### [The problem]
In the entries below, begin at the line that has "殺魚機去鱗效果非常明顯,白鰱" and stop after the line that has "Arion Original Mature"; output those lines exactly, leaving out pictures.

### [Source material]
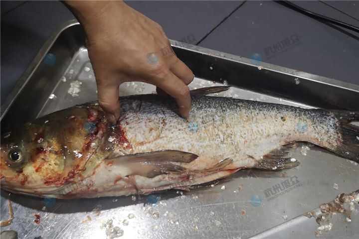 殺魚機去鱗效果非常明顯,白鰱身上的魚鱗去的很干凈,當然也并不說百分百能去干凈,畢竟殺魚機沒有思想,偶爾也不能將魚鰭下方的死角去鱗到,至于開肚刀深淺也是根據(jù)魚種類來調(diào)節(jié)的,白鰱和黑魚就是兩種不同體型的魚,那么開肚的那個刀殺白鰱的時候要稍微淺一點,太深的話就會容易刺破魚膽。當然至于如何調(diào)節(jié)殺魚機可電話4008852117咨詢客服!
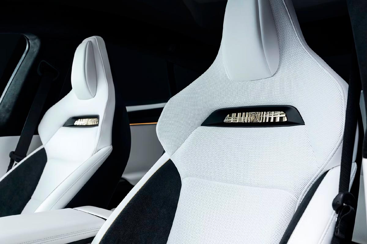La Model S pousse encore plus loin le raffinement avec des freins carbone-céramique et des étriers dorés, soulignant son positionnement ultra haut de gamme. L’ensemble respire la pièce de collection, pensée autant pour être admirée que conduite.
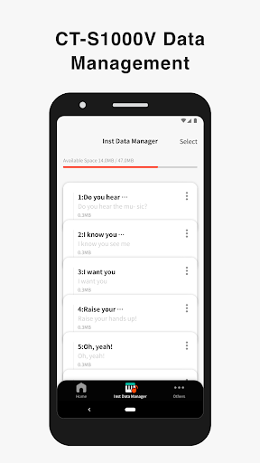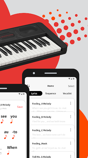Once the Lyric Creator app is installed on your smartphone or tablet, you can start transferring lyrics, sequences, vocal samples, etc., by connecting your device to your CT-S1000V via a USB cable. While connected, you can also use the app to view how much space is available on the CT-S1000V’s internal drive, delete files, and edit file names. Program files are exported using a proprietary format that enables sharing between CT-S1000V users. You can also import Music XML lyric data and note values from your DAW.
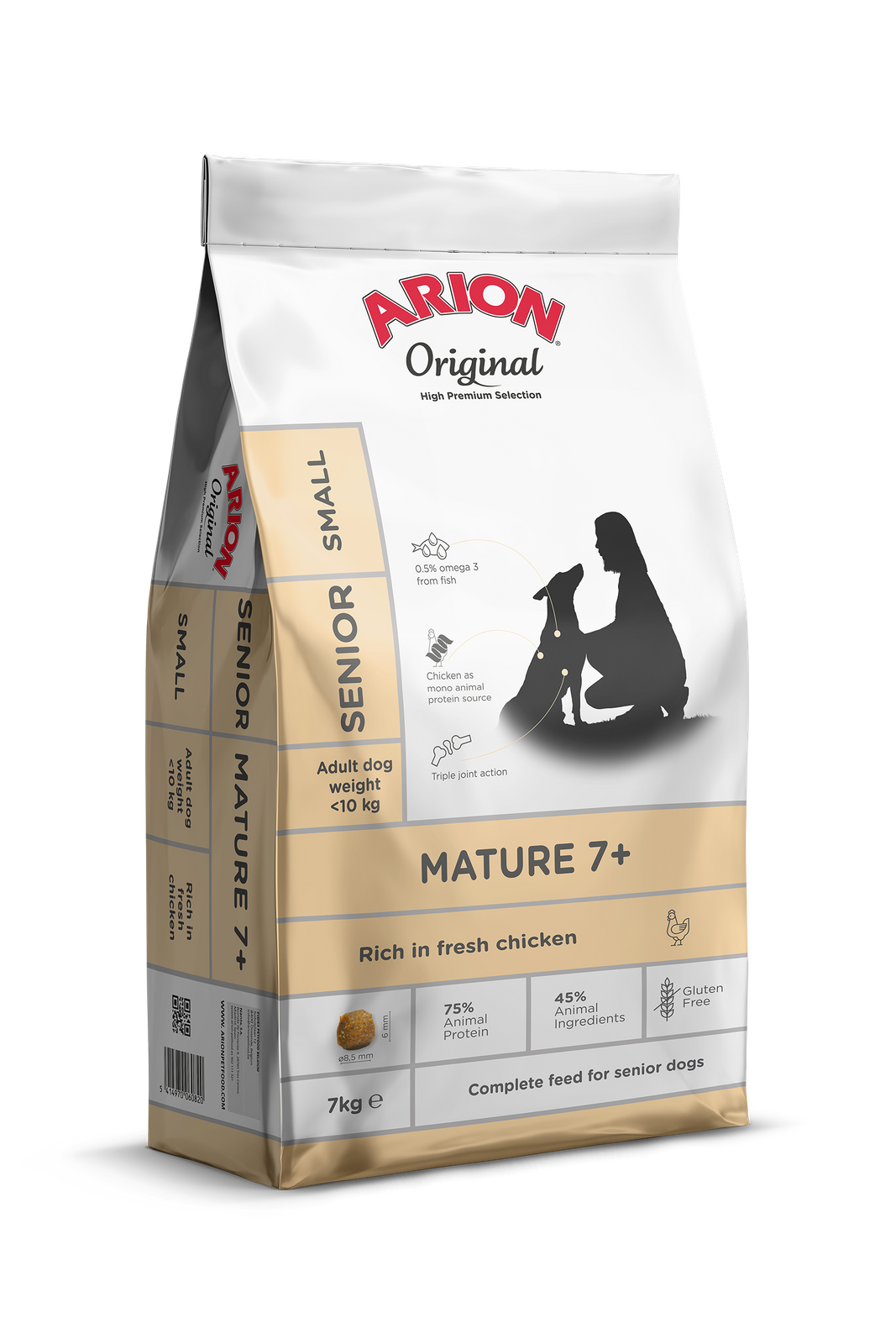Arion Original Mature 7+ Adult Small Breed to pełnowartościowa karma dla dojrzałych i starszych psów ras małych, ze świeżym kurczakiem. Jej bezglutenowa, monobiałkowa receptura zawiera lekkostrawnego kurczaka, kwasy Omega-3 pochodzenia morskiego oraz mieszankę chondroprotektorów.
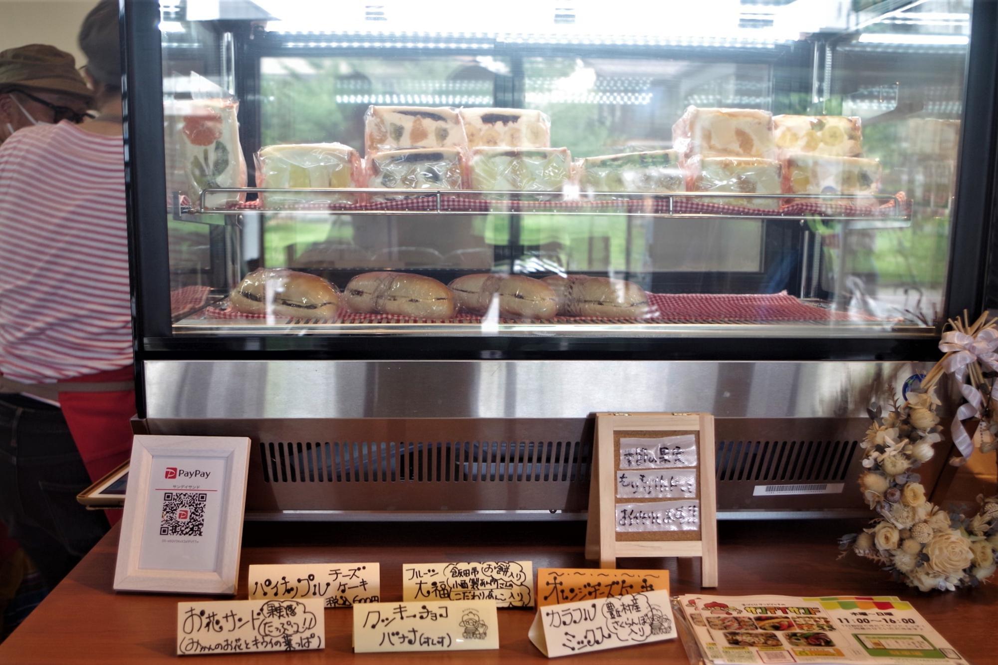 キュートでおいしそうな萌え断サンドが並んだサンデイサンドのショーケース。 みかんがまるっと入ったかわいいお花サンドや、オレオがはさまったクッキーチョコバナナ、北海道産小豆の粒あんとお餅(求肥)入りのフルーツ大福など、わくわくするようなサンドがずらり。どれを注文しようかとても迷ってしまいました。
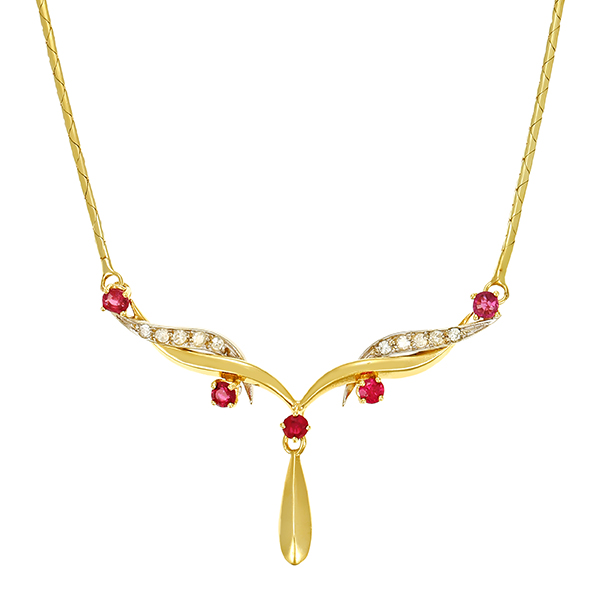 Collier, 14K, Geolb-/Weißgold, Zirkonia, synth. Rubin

==

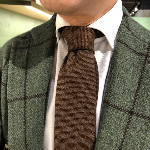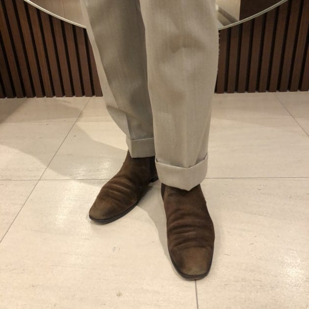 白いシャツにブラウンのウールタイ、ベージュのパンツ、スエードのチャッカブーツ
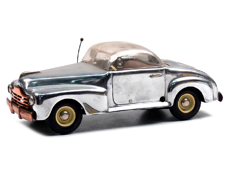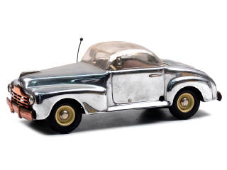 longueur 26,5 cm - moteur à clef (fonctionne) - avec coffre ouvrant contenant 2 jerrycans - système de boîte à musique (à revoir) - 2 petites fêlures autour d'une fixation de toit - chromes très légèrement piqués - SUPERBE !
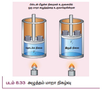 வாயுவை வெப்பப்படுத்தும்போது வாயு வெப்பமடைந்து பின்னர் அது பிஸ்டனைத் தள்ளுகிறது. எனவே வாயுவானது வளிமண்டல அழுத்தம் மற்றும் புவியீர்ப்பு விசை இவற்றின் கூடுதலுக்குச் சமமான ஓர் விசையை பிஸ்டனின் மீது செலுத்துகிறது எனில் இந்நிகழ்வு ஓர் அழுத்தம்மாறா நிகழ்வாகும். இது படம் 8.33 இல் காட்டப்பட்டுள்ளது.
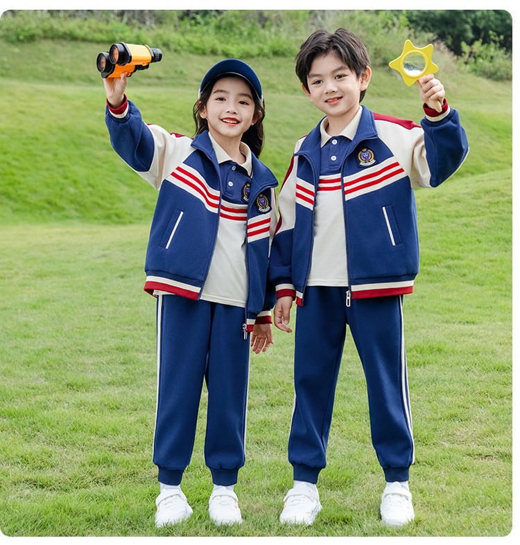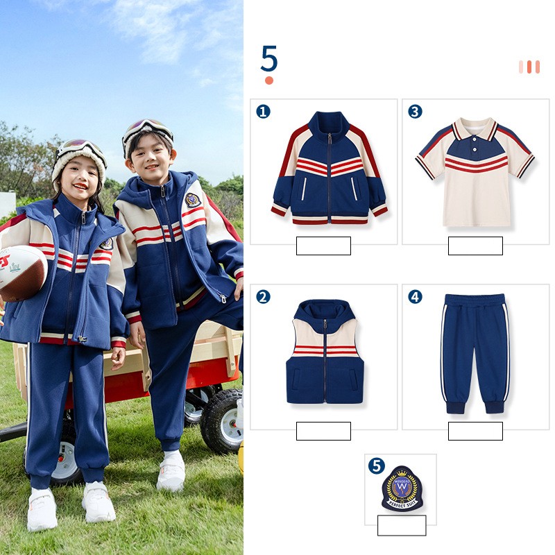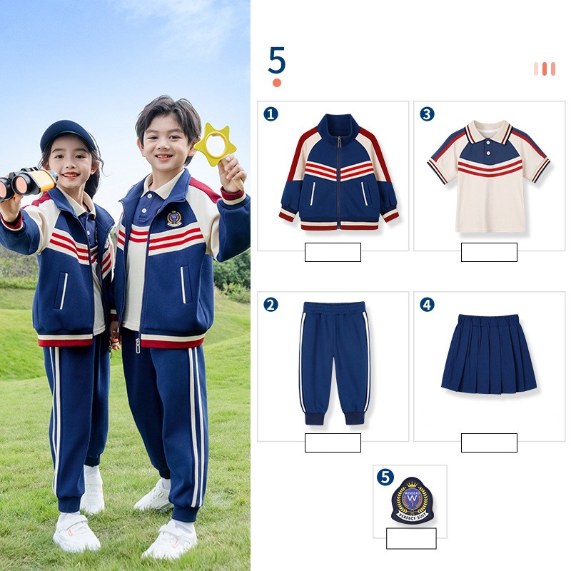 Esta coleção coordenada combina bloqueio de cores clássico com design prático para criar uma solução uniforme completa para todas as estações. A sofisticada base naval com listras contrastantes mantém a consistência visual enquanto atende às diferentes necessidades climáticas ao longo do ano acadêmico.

### [Answer space]
 殺魚機去鱗效果非常明顯,白鰱身上的魚鱗去的很干凈,當然也并不說百分百能去干凈,畢竟殺魚機沒有思想,偶爾也不能將魚鰭下方的死角去鱗到,至于開肚刀深淺也是根據(jù)魚種類來調(diào)節(jié)的,白鰱和黑魚就是兩種不同體型的魚,那么開肚的那個刀殺白鰱的時候要稍微淺一點,太深的話就會容易刺破魚膽。當然至于如何調(diào)節(jié)殺魚機可電話4008852117咨詢客服!
La Model S pousse encore plus loin le raffinement avec des freins carbone-céramique et des étriers dorés, soulignant son positionnement ultra haut de gamme. L’ensemble respire la pièce de collection, pensée autant pour être admirée que conduite.
Once the Lyric Creator app is installed on your smartphone or tablet, you can start transferring lyrics, sequences, vocal samples, etc., by connecting your device to your CT-S1000V via a USB cable. While connected, you can also use the app to view how much space is available on the CT-S1000V’s internal drive, delete files, and edit file names. Program files are exported using a proprietary format that enables sharing between CT-S1000V users. You can also import Music XML lyric data and note values from your DAW.
Arion Original Mature 7+ Adult Small Breed to pełnowartościowa karma dla dojrzałych i starszych psów ras małych, ze świeżym kurczakiem. Jej bezglutenowa, monobiałkowa receptura zawiera lekkostrawnego kurczaka, kwasy Omega-3 pochodzenia morskiego oraz mieszankę chondroprotektorów.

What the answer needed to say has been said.